==== Input data ====
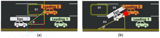 Figure 9 illustrates the process of determining collision presence based on lane-changing (evasive steering) actions. In this system, the potential for collision avoidance is assessed by calculating collision presence, thereby identifying safe spaces for evasion. Figure 9a depicts the initial moment, while Figure 9b showcases the anticipated moment of collision. represents the vehicle ahead in the target lane (Leading 2), is the distance between the Ego vehicle and the vehicle ahead in the target lane (), is the distance traveled by within a time interval of t seconds, and is the distance traveled by the Ego vehicle within the same time interval. The term represents the horizontal distance between the Ego vehicle and following the lane change. For a collision to occur (as shown in case Figure 9b), the condition must be met. Consequently, the equations for assessing the availability of safe spaces in all directions are given in Equations (5)–(8).
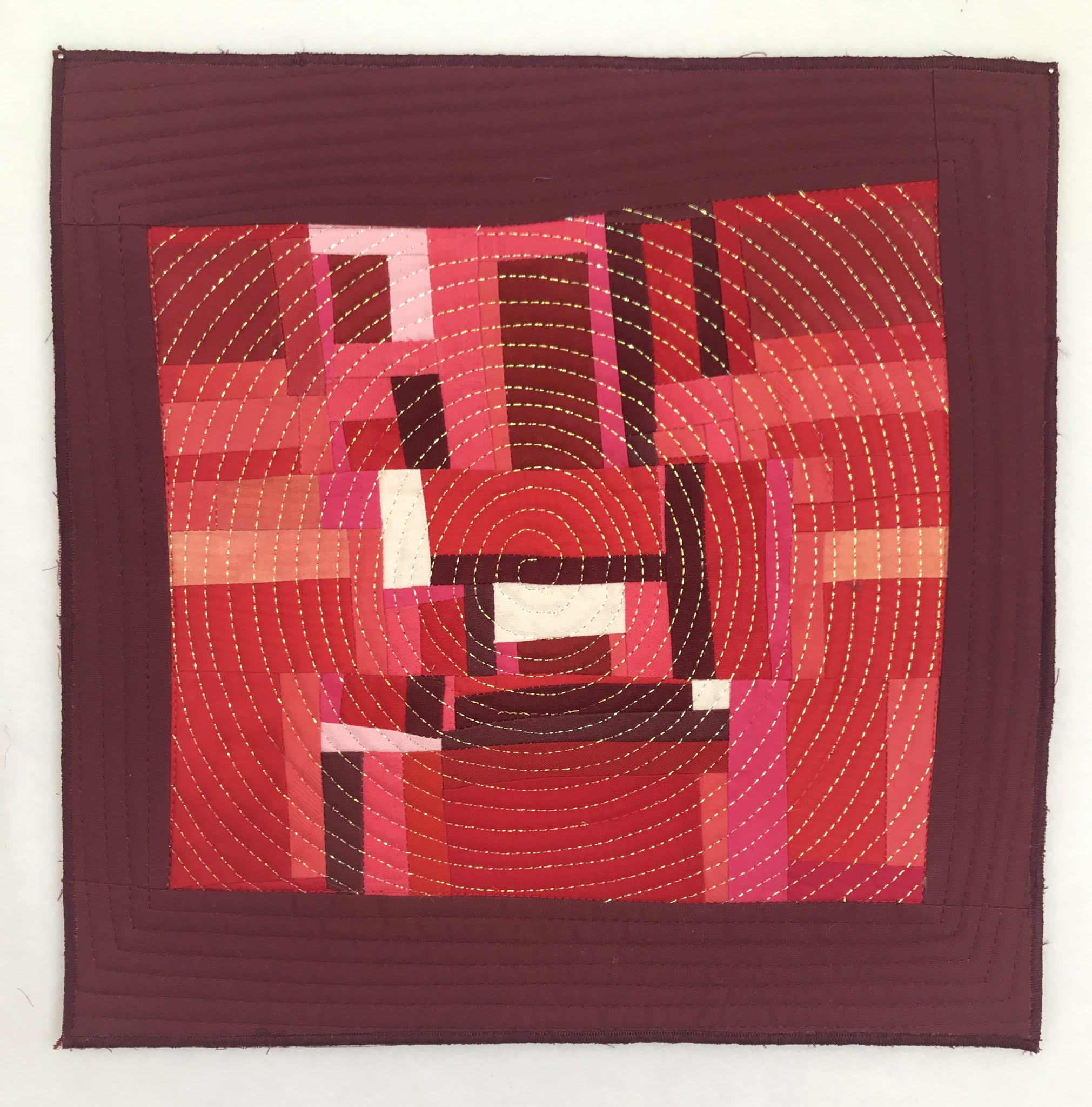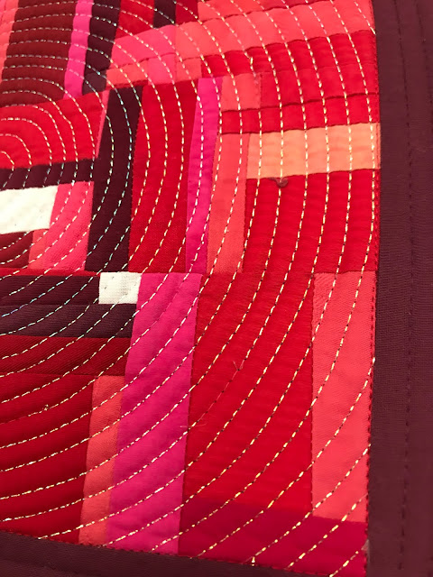 read moreI have finished and submitted to my first SAQA (Studio Art Quilt Associates) exhibition. The Northern California/Northern Nevada region issued a call last summer for a juried regional exhibition entitled Prism Play. From the start I loved the vision for this exhibition. The quilts are all required to be 15" wide by 45" long and monochromatic, following one of the color cards from Joen Wolfrom's Ultimate 3-in-1 Color Tool. The selected quilts will hang in multiple full color spectrum groupings during the exhibition.
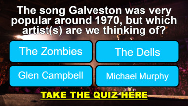 6/10 is what people on average are scoring in this trivia quiz so far. Are you ready to answer questions like "The song "Galveston" was very popular around 1970, but which artist(s) are we thinkin.." and "The song "Take Me Home, Country Roads" was very popular around 1972, but which artist.."
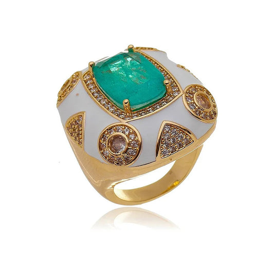 18K GOLD PLATED ENAMEL RING WITH ZIRCONIA
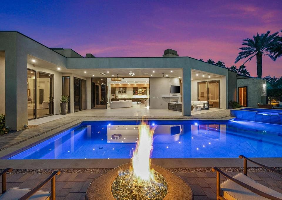 Exquisite Desert Modern Estate in Indian Wells Country ClubDiscover this stunning home built in 2023, offering 4,417 sq ft of luxurious living on a quiet 19,211 sq ft lot. Situated on a cul-de-sac within the prestigious gates of Indian Wells Country Club, this property feels like your private estate with breathtaking mountain views and captivating sunsets.Crafted with desert modern chic architecture, the residence features expansive sliders and large windows that flood the interior with natural light. Impeccable stonework and high-end finishes elevate the aesthetic, creating an atmosphere of timeless elegance.Step inside to a thoughtfully designed floor plan with 4 bedrooms, 4.5 bathrooms, a dedicated office, and a theater room perfect for relaxing or entertaining. The attached casita offers a full living space, large bedroom, and full bath--ideal for guests or multi-generational living.The gourmet kitchen is a culinary masterpiece, equipped with top-tier Subzero, Cove, and Wolf appliances, custom cabinetry, a butler's pantry, and an oversized island for gatherings. Outdoor living is equally impressive, featuring a spacious entertainment area, stunning mountain vistas, lush mature desert landscaping, and a beautiful courtyard. The sparkling saltwater pool and spa add a luxurious touch--perfect for relaxation and entertaining amidst breathtaking views.Enjoy the benefits of owner-owned solar, low HOA fees, and a large driveway leading to a grand entrance--combining sustainability, exclusivity, and impressive curb appeal. The property's extensive views, outdoor spaces, and elegant finishes create an ideal desert retreat.Furnished per inventory, this home exudes sophistication and comfort, offering a luxurious, modern desert sanctuary. Experience the perfect blend of privacy, elegance, and breathtaking scenery in this exceptional Indian Wells estate.
====
Leave out the pictures and retype the rest of the entries exactly.

**Finished exercise**
 Figure 9 illustrates the process of determining collision presence based on lane-changing (evasive steering) actions. In this system, the potential for collision avoidance is assessed by calculating collision presence, thereby identifying safe spaces for evasion. Figure 9a depicts the initial moment, while Figure 9b showcases the anticipated moment of collision. represents the vehicle ahead in the target lane (Leading 2), is the distance between the Ego vehicle and the vehicle ahead in the target lane (), is the distance traveled by within a time interval of t seconds, and is the distance traveled by the Ego vehicle within the same time interval. The term represents the horizontal distance between the Ego vehicle and following the lane change. For a collision to occur (as shown in case Figure 9b), the condition must be met. Consequently, the equations for assessing the availability of safe spaces in all directions are given in Equations (5)–(8).
 read moreI have finished and submitted to my first SAQA (Studio Art Quilt Associates) exhibition. The Northern California/Northern Nevada region issued a call last summer for a juried regional exhibition entitled Prism Play. From the start I loved the vision for this exhibition. The quilts are all required to be 15" wide by 45" long and monochromatic, following one of the color cards from Joen Wolfrom's Ultimate 3-in-1 Color Tool. The selected quilts will hang in multiple full color spectrum groupings during the exhibition.
 6/10 is what people on average are scoring in this trivia quiz so far. Are you ready to answer questions like "The song "Galveston" was very popular around 1970, but which artist(s) are we thinkin.." and "The song "Take Me Home, Country Roads" was very popular around 1972, but which artist.."
 18K GOLD PLATED ENAMEL RING WITH ZIRCONIA
 Exquisite Desert Modern Estate in Indian Wells Country ClubDiscover this stunning home built in 2023, offering 4,417 sq ft of luxurious living on a quiet 19,211 sq ft lot. Situated on a cul-de-sac within the prestigious gates of Indian Wells Country Club, this property feels like your private estate with breathtaking mountain views and captivating sunsets.Crafted with desert modern chic architecture, the residence features expansive sliders and large windows that flood the interior with natural light. Impeccable stonework and high-end finishes elevate the aesthetic, creating an atmosphere of timeless elegance.Step inside to a thoughtfully designed floor plan with 4 bedrooms, 4.5 bathrooms, a dedicated office, and a theater room perfect for relaxing or entertaining. The attached casita offers a full living space, large bedroom, and full bath--ideal for guests or multi-generational living.The gourmet kitchen is a culinary masterpiece, equipped with top-tier Subzero, Cove, and Wolf appliances, custom cabinetry, a butler's pantry, and an oversized island for gatherings. Outdoor living is equally impressive, featuring a spacious entertainment area, stunning mountain vistas, lush mature desert landscaping, and a beautiful courtyard. The sparkling saltwater pool and spa add a luxurious touch--perfect for relaxation and entertaining amidst breathtaking views.Enjoy the benefits of owner-owned solar, low HOA fees, and a large driveway leading to a grand entrance--combining sustainability, exclusivity, and impressive curb appeal. The property's extensive views, outdoor spaces, and elegant finishes create an ideal desert retreat.Furnished per inventory, this home exudes sophistication and comfort, offering a luxurious, modern desert sanctuary. Experience the perfect blend of privacy, elegance, and breathtaking scenery in this exceptional Indian Wells estate.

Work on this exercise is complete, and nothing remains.